VIII.2 - 11h37
Dix-huit ans de prison incompressibles. Le visage de Bài Tài Yang s’est déformé sous l’annonce. Galvanisés par les applaudissements de la foule, lancé par des agents de Menxiang Shiyé au premier rang, les juges se sont félicités d’avoir ainsi réglé son compte au Croque-Rentier, comme l’a surnommé la presse.
À la fin du procès, le journaliste de TK-Pol se lance dans une longue apologie de la justice de la cité-état.
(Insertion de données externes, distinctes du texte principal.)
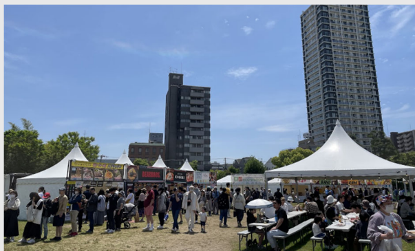
【大規模催事】 『NANIWANOMIYA WORLD KITCHEN FEST.』の様子 (2023年4月29日(土)～5月7日(日))

また、2023年度から難波宮跡（南部ブロック）において、難波宮の情報発信や賑わい創出を目的に実施してきた魅力向上業務（大規模催事・市民と連携した活動『なにサポ』※5（さまざまな市民活動を育み・サポートする取り組み）も発展させるかたちで継続実施します。

“T’imagines que lorsqu’il sortira, il aura presque la quarantaine ?
— J’imagine parfaitement, soupire Zhī-Lì. Je crois qu’il a pas compris dans quoi il s’est embarqué, et que maintenant, il regrette. C’est cruel, tout de même. J’hallucine de voir que le Major-Général se soit laissé corrompre si facilement.
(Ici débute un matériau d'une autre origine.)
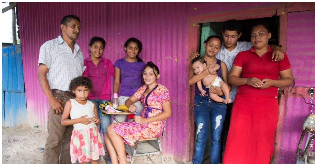
Familia venezolana vive en asentamiento informal en Arauca mientras espera el reconocimiento de la condición de refugiado.

El Grupo Interagencial sobre Flujos Migratorios Mixtos (GIFMM) fue creado a finales del 2016. Es co-liderado por OIM y ACNUR. Funciona como un espacio de coordinación para la respuesta a la situación de refugiados y migrantes en Colombia. Tiene 46 miembros, incluyendo agencias de Naciones Unidas, ONGs y el Movimiento de la Cruz Roja. El GIFMM tiene como objetivo principal coordinar la respuesta a las necesidades de refugiados, migrantes, retornados y poblaciones de acogida, de forma complementaria con el Gobierno.

— Si on lui a apporté les relevés ADN, et que le gamin a tout reconnu… Il a dû recevoir une sacrée récompense, lui aussi.
— C’est répugnant.
— Je te le fais pas dire.”
Une fois la longue apologie terminée, un programme d’histoire politique est annoncé sur la chaîne, suivi d’une coupure pub.
Sur la première, un homme en costume, filmé en contreplongée, court à une vitesse invraisemblable, sourire sur le visage. Ses joues sont à peine cramoisies par l’effort, comme s’il ne s’était agi là que d’une simple marche.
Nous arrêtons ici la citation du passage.